== What you have to do ==
Each line of the material should be set down exactly. Pictures are not part of the copy.

== Collected material ==
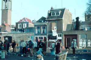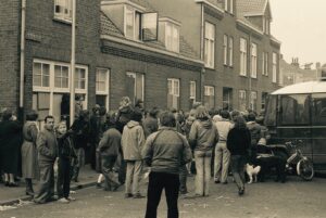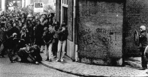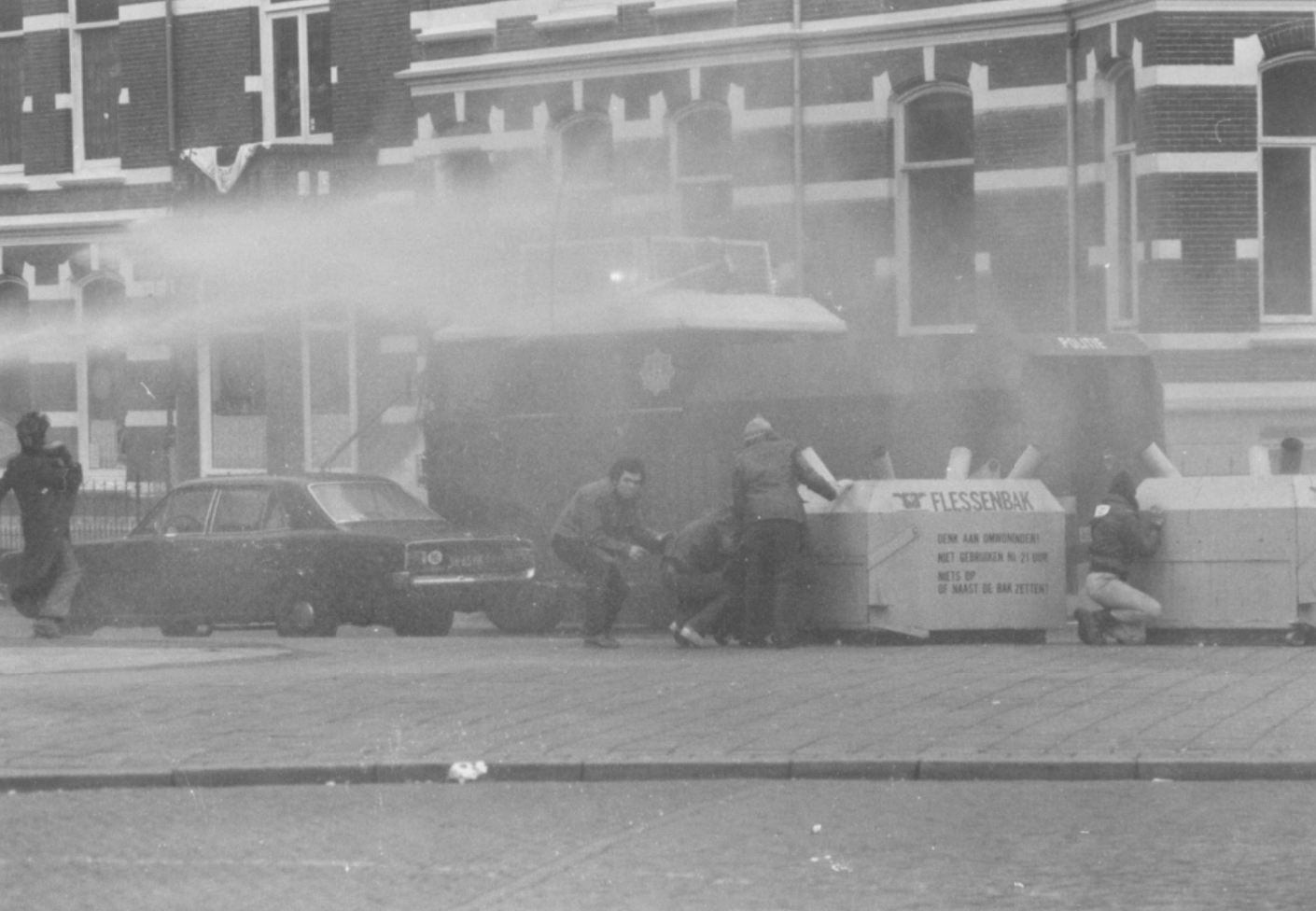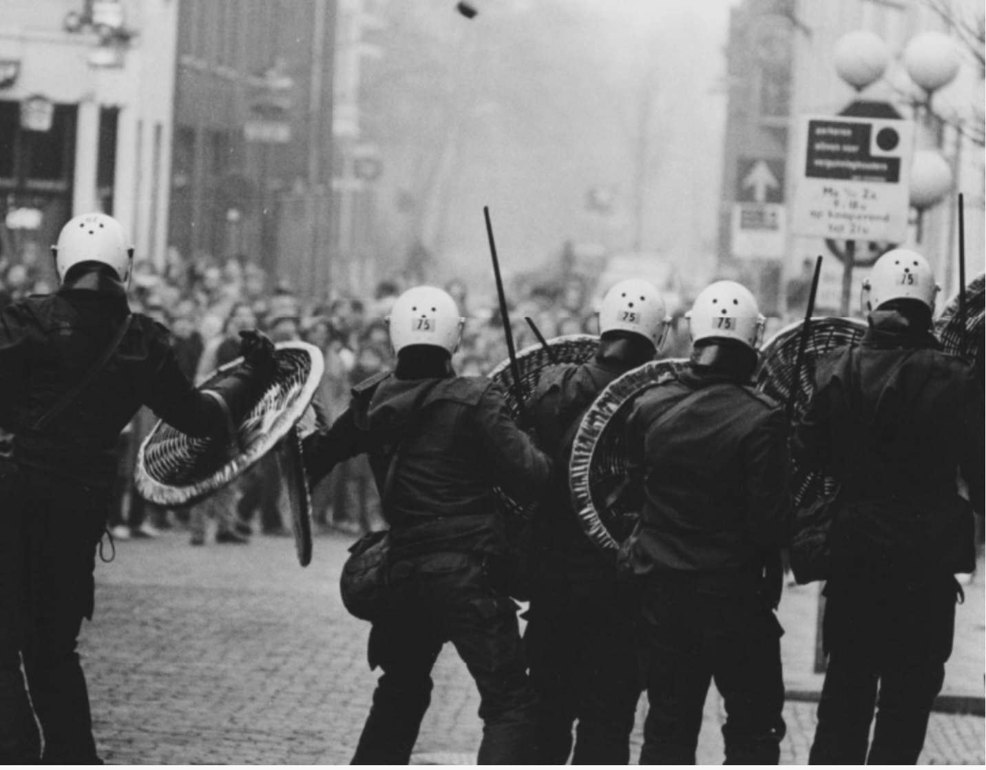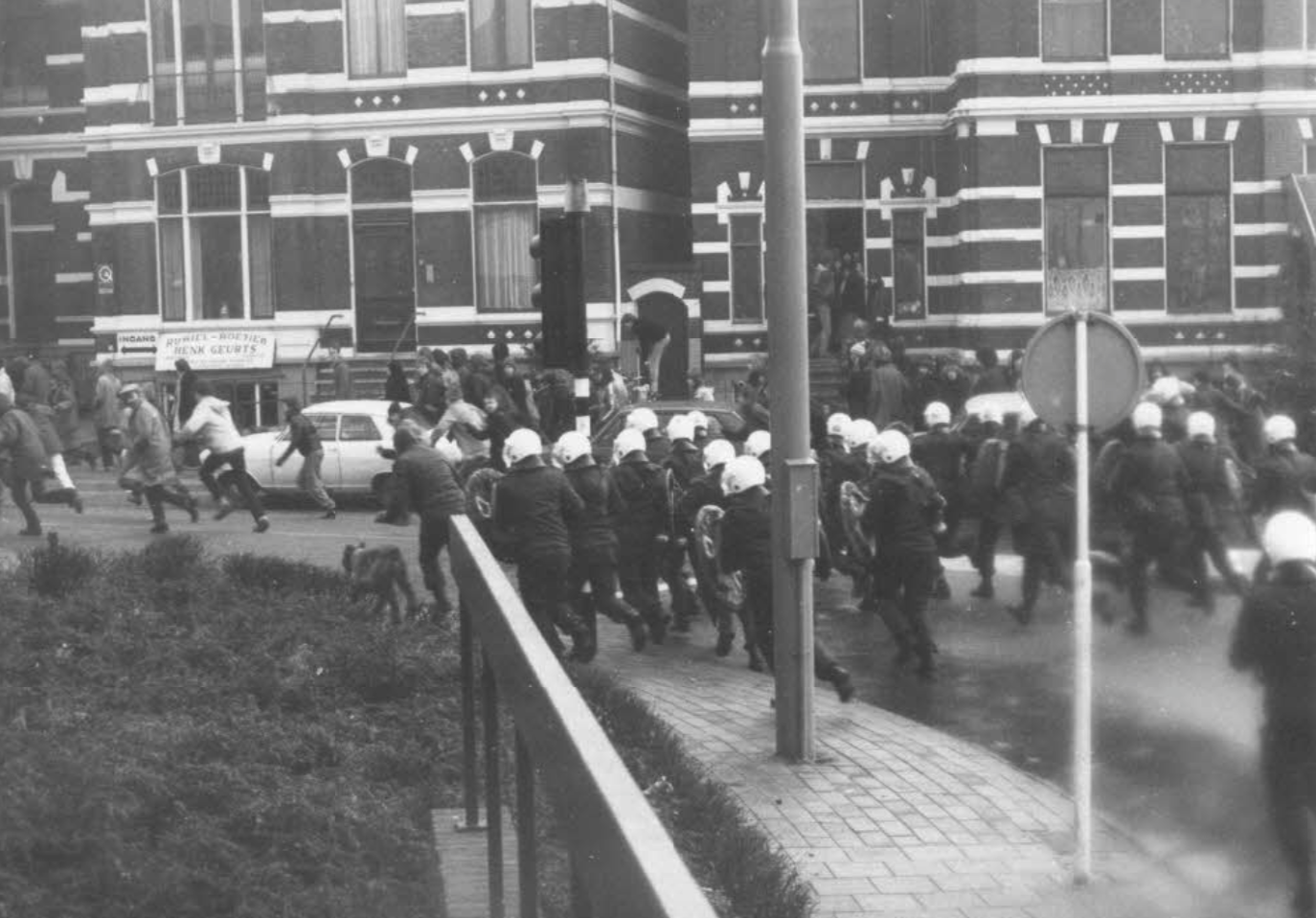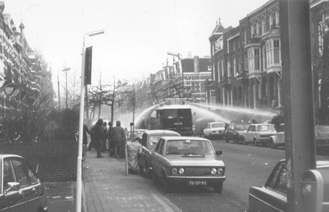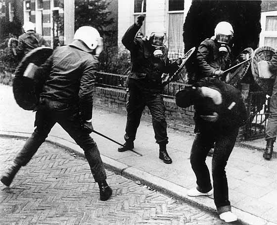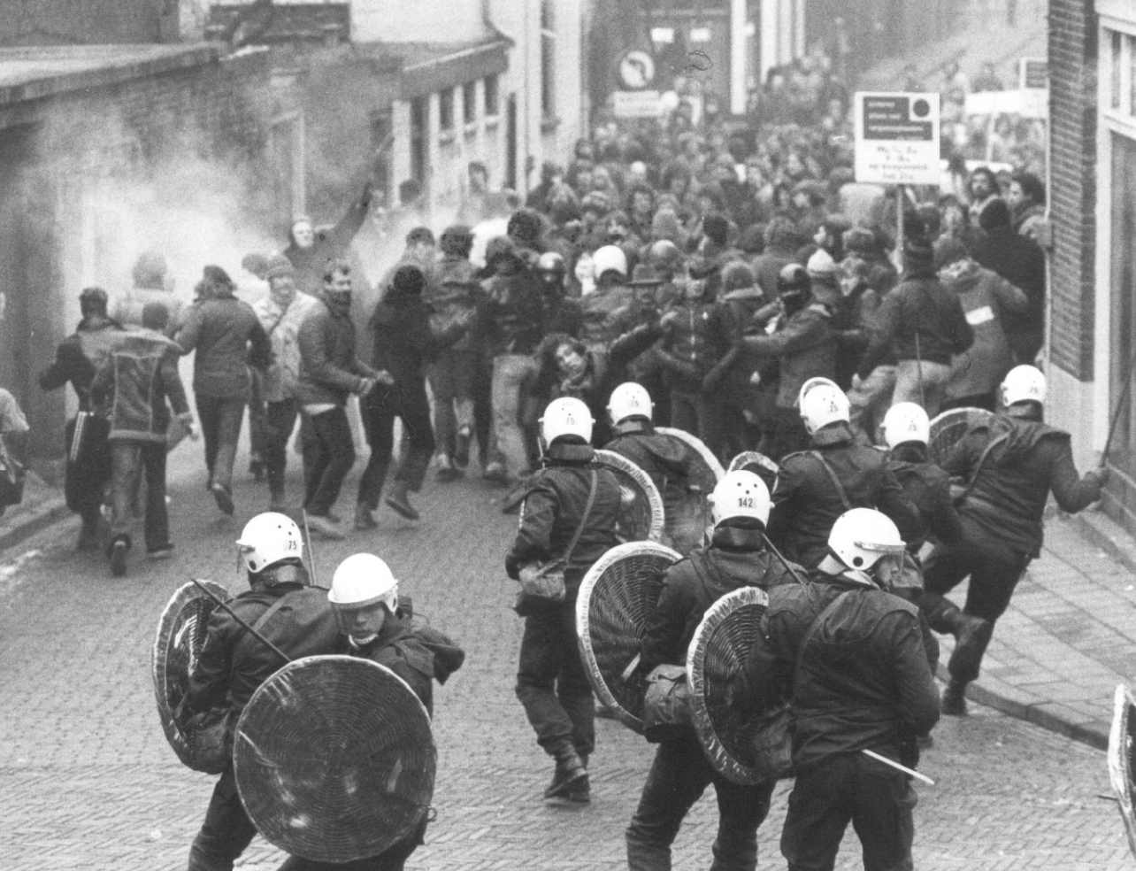 Willemien: Bij het wakker worden ligt mijn vriend kotsend naast me. Verdomme, wat hebben ze aangericht? Ik hield het niet langer uit in bed. Wat zou er allemaal in de stad gebeuren? In mijn hoofd duizelde het en ik voelde me afschuwelijk stijf. Ik zette de radio aan voor het nieuws maar in plaats daarvan kreeg ik een plaat van John Lennon te horen. Het leek of ineens alles in mij omdraaide, er knapte iets in me. Ik begon hard te huilen en kon een tijd geen woord meer uitbrengen. Toen ik weer wat bedaard was voelde ik me bevrijd van een enorme spanning. Opgelucht glimlachte ik wat, maar daarvoor kreeg ik niet zoveel tijd meer. Vijf minuten later stond er ME op onze stoep; ze waren tot in onze straat doorgedrongen nota bene. Ik had nu genoeg kwaadheid en agressie in me om flink tegen ze te schreeuwen. “Oprotten jullie.” Ik ging daarna op zoek naar de demonstratie want ik moest mijn agressie kwijt. Ik had geen bezwaar meer tegen rellen.
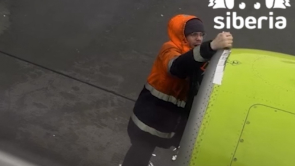 В Толмачёво рабочий заклеил двигатель самолёта S7 скотчем перед вылетом
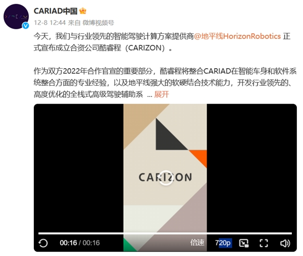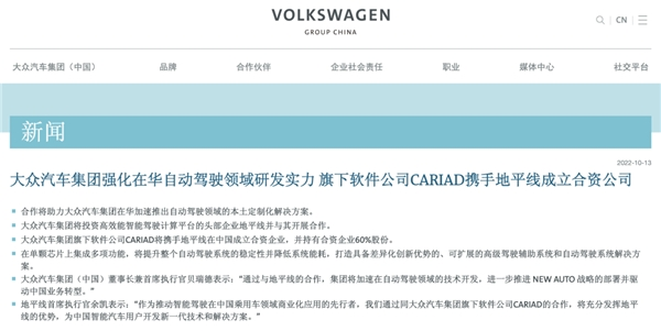 本月8号,CARIAD官微发布消息,大众汽车旗下软件公司CARIAD与地平线的合资公司酷睿程CARIZON正式成立。
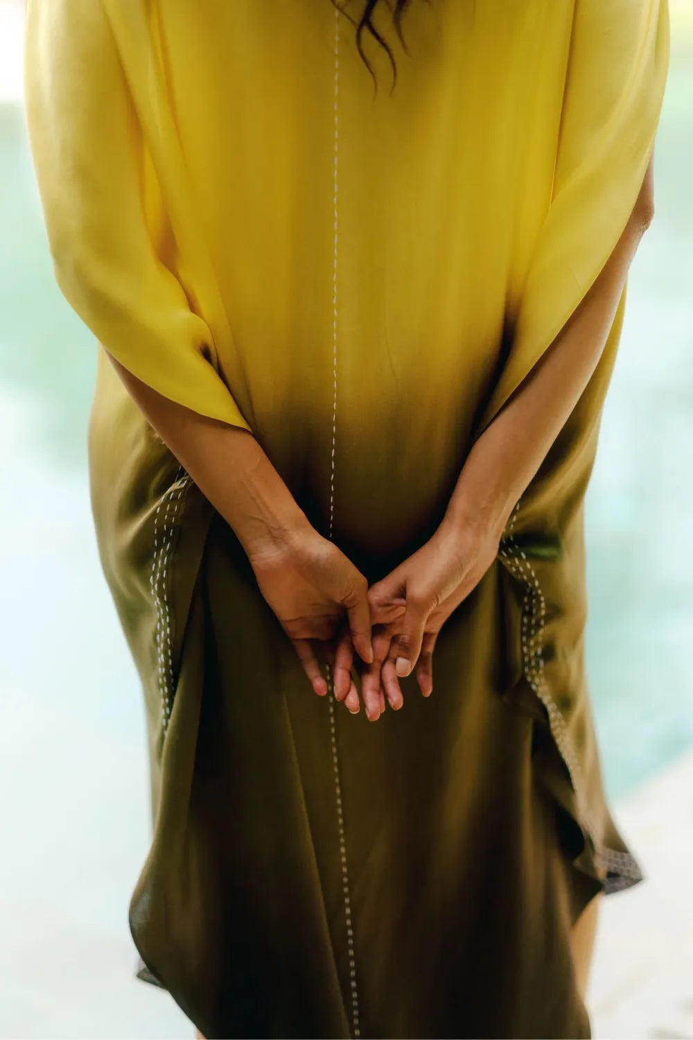 Dip-Dye ombré fade flowing from luminous yellow into deep, earthy tones

== Written response ==
 Willemien: Bij het wakker worden ligt mijn vriend kotsend naast me. Verdomme, wat hebben ze aangericht? Ik hield het niet langer uit in bed. Wat zou er allemaal in de stad gebeuren? In mijn hoofd duizelde het en ik voelde me afschuwelijk stijf. Ik zette de radio aan voor het nieuws maar in plaats daarvan kreeg ik een plaat van John Lennon te horen. Het leek of ineens alles in mij omdraaide, er knapte iets in me. Ik begon hard te huilen en kon een tijd geen woord meer uitbrengen. Toen ik weer wat bedaard was voelde ik me bevrijd van een enorme spanning. Opgelucht glimlachte ik wat, maar daarvoor kreeg ik niet zoveel tijd meer. Vijf minuten later stond er ME op onze stoep; ze waren tot in onze straat doorgedrongen nota bene. Ik had nu genoeg kwaadheid en agressie in me om flink tegen ze te schreeuwen. “Oprotten jullie.” Ik ging daarna op zoek naar de demonstratie want ik moest mijn agressie kwijt. Ik had geen bezwaar meer tegen rellen.
 В Толмачёво рабочий заклеил двигатель самолёта S7 скотчем перед вылетом
 本月8号,CARIAD官微发布消息,大众汽车旗下软件公司CARIAD与地平线的合资公司酷睿程CARIZON正式成立。
 Dip-Dye ombré fade flowing from luminous yellow into deep, earthy tones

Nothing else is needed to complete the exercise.